Then began a long period of diplomatic interaction, ending up at Camp David a couple of years later, when the United States and Israel essentially accepted Sadat’s 1971 proposal. This is called, in Western doctrine, a great diplomatic victory for President Carter and Henry Kissinger. In fact, it was a diplomatic catastrophe. They could have accepted it in 1971 and the cost of refusal was a very dangerous war and close to nuclear war; a lot of suffering and misery.

Actually, what the United States and Israel had to accept at Camp David was partially, from their point of view, harsher than Sadat’s 1971 offer because by this time the issue of Palestinian national rights had entered the international agenda. So they had to accept, at least in words, some form of Palestinian national rights in the territories from which Israel was supposed to withdraw.

Meanwhile, in the intervening period, in 1976 there was another crucial event. In 1976, the major Arab states – Egypt, Syria, Jordan, and others – brought to the Security Council a resolution calling for a settlement of the conflict in terms of UN 242. It had all the relevant wording of 242 with its guarantees for rights and so on, but with an addition – a Palestinian state in the Occupied Territories.

‘You can control history as long as you have a submissive intellectual class, which the West does have.’

Israel refused to attend the session. The United States vetoed the resolution. It vetoed a similar one in 1980. Now when the United States vetoes a resolution, it’s a double veto. First of all, it doesn’t happen; and secondly, it’s vetoed from history. So if you look at even the scholarly record it’s rarely mentioned, and there certainly isn’t anything in the media or general discussion.

The events that I’ve just described didn’t happen. They’re not there. You have to search very hard to find a reference to them. That’s one of the prerogatives of an imperial power. You can control history as long as you have a submissive intellectual class, which the West does have. I won’t go through the rest of the history, but it continues pretty much like that.

Up to the present, the United States and Israel are out of the world. With rare and temporary exceptions, they have continued to block the political settlement that has almost universal agreement, which means that, if there were serious proximity talks today, conducted maybe from Mars, then the two antagonists that would be brought together would be the United States and the world. You could have proximity talks between them and, if they could reach an agreement, there would be a settlement of this problem. Well, that’s the factual record.

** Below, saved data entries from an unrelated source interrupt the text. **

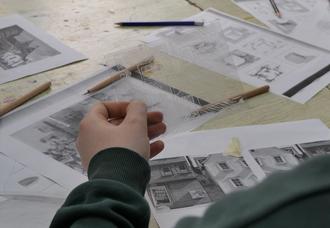 Treffpunkt war das Kunstzentrum der LahnArtists in der Schaumburger Straße. Die beiden Workshopleiter der LahnArtists, Kathrin Mock und Klaus Werner, hatten Motive von Gebäuden wie dem Dom oder historischen Häusern der Limburger Altstadt für die Schüler bereitgelegt. So konnte sich jeder Schüler ein Motiv aussuchen. Über das jeweilige Motiv wurde eine Radierplatte aus durchsichtigem Spezialkunststoff gelegt und festgeklebt. Dabei handelt es sich um eine preiswerte Alternative zu Zink- und Kupferplatten. Künstler wie Klaus Panzner arbeiteten für Radierungen mit Metallplatten. Nun ritzten die Schüler mit einer Kaltnadel oder Radiernadel die durchscheinenden Linien der Gebäude und der Bildumgebung in die Radierplatte ein.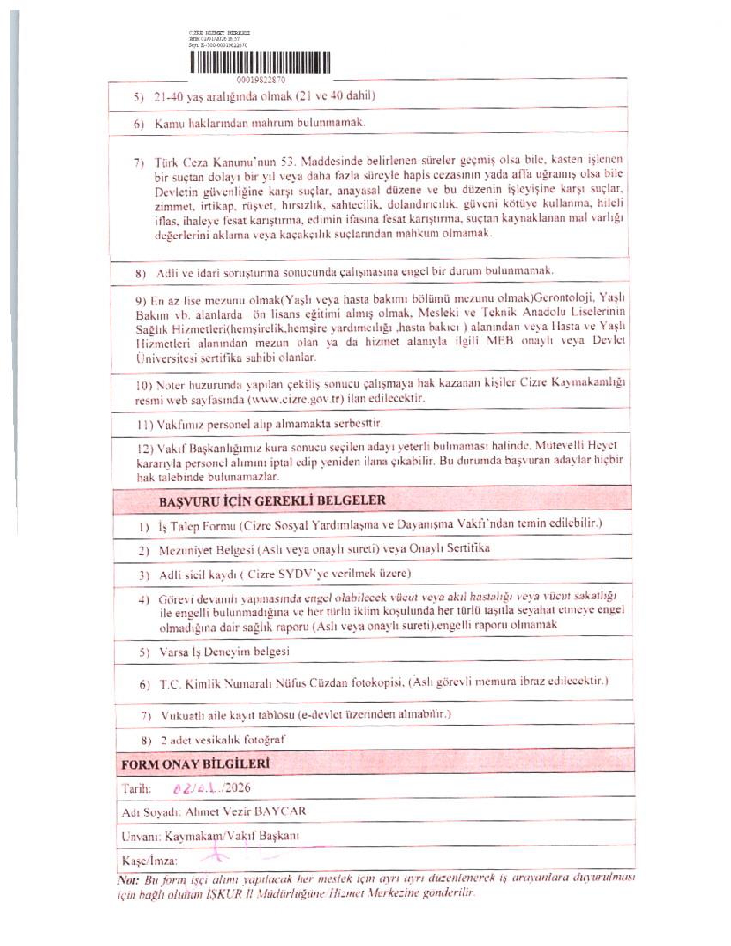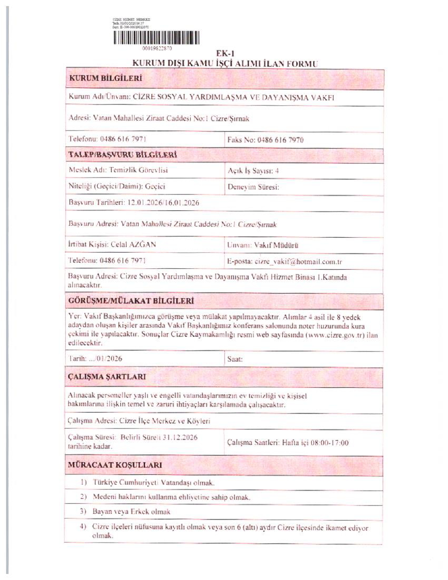 Ana sayfaSYDV İlanlarıAna sayfaGeçici İşçi İlanları Şırnak Cizre SYDV Geçici 4 İşçi Alacak Şırnak Cizre SYDV Geçici 4 İşçi Alacak. Son başvuru tarihi 16 Ocak 2026 Kaynak : İşkur İlan Giriş : 06 Ocak 2026 04:02, Son Güncelleme : 06 Ocak 2026 04:53 Yazdır Yorumlar (0) Abone Ol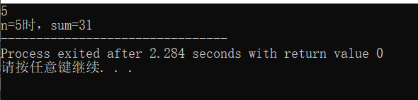 #include<stdio.h> #include<math.h> int main(){ int n; double sum; scanf("%d",&n); sum=pow(2,n)-1; printf("n=""%d",n); printf("时,sum=""%.0lf",sum); return 0; }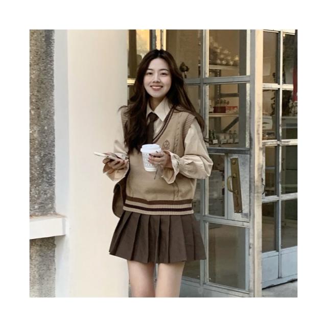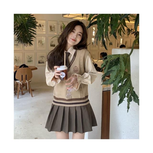 ライン入り 制服 3点セット 制服 学生 JK制服 上下セット 白シャツ 韓国 ニットベスト プリーツスカート 送料無料 長袖 おしゃれ スクール 女子高校生 高校生 中学生 学生服 女の子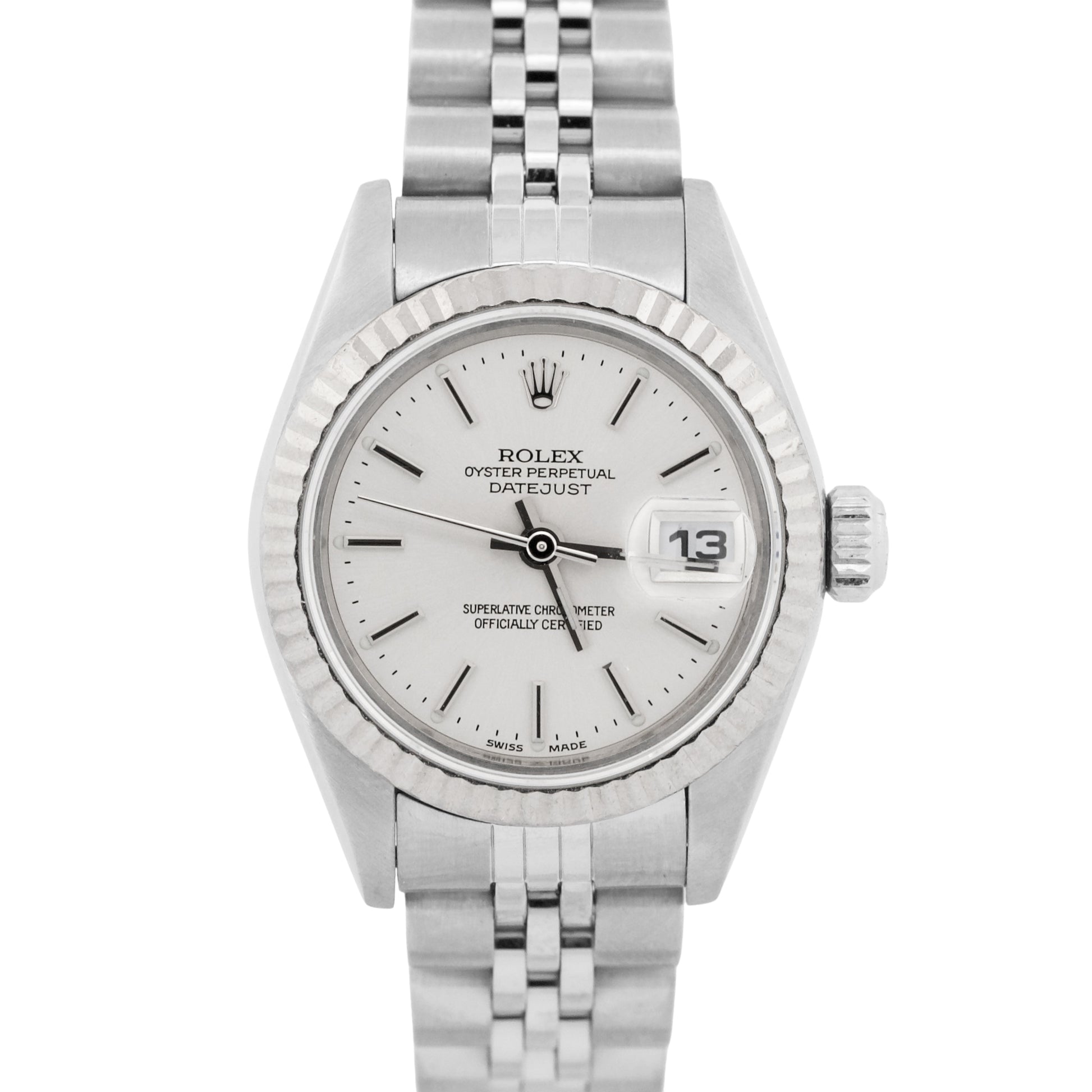 Rolex DateJust SILVER Stainless Steel 18K White Gold JUBILEE Fluted 79174 Watch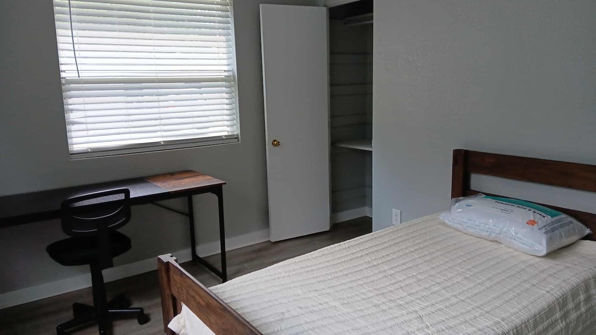 Our small, clean, cozy, guest suite (about 220 sq ft) is located in our fenced backyard. It is detached from our house with a private entrance, in a quiet and safe residential neighborhood. It isn't fancy, but it's a good space for spending a few days while visiting Jax. We offer keyless check-in and free parking is in our driveway. A queen Sealy Posturepedic bed provides ultimate comfort. The suite has a mini-fridge and microwave for simple meals (no full kitchen).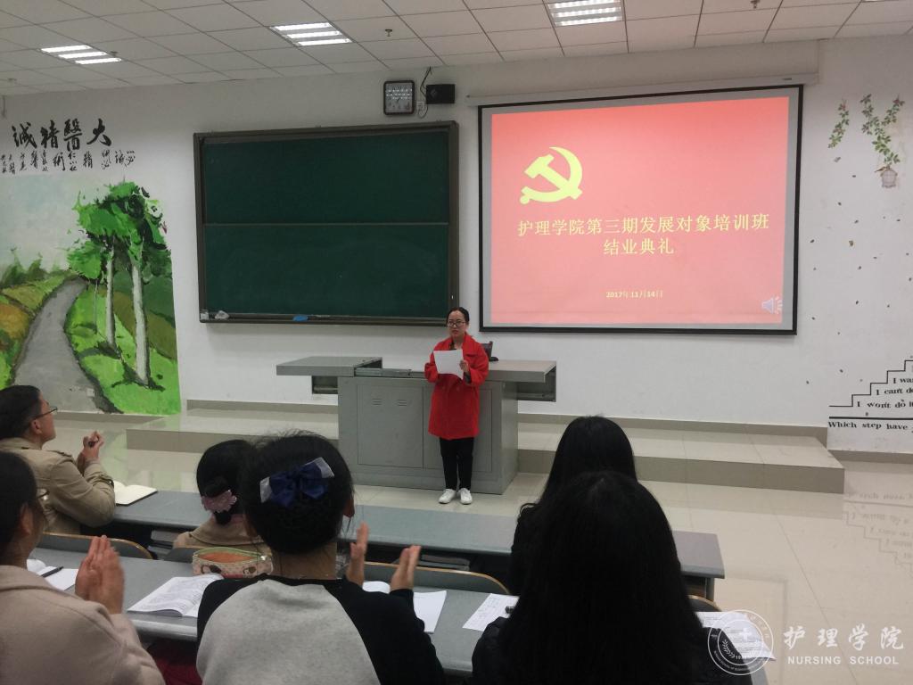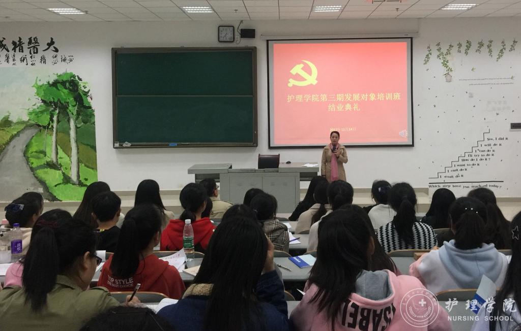 11月14日下午,太阳集团tyc9728第3期发展对象集中培训班结业典礼在南校区4405教室举行。护理公司党委副书记杨英、员工党支部副书记马景瑶及全体学员参加了结业典礼。典礼由本期培训班班主任李颖主持。

Making crucial facts invisible

Of course, historical events are always more complex than a simple description, but these are the basic facts. They’re not controversial. There’s no serious question about them, but they aren’t part of general discourse about these topics because they lead to the wrong conclusions and, therefore, they’re excluded. If I talk about this in the West in most places, the words are almost unintelligible. It’s not unique to this case. It reveals the extraordinary power of imperial ideology.

Even the simplest, the most obvious, the most crucial facts are invisible if they do not accord with the needs of power.

I’m by no means the first person to talk about this. George Orwell wrote about it, for example. He was discussing how in England, a free society, unpopular ideas can be suppressed without the use of force, just voluntarily, and he gave a few reasons. The most important one was a good education. He said, if you have a good education, you have instilled into you the understanding that there are certain things it wouldn’t do to say – or even to think, for that matter. This essay of his is not very well known because it wasn’t published, maybe proving his thesis. This was to be the introduction to his book Animal Farm.

Everyone has read Animal Farm. It’s about the totalitarian state, the totalitarian enemy and its evil ways. But, just to prevent too much self-satisfaction, Orwell wrote an introduction commenting on free England. It was not published. It was found many years later in his unpublished papers. It is not his greatest essay, but his point is basically correct. Unpopular ideas can be suppressed without the use of force, and a good education is an effective means to reach this result. Well, unless we can become capable of thinking the thoughts that are banned by imperial ideology, understanding of what’s happening in the world is going to be very difficult to attain.

Extracted with permission from Noam Chomsky’s latest book, Power and Terror: Conflict, Hegemony, and the Rule of Force published worldwide by Pluto Press and in North America by Paradigm Publishers on 20 April.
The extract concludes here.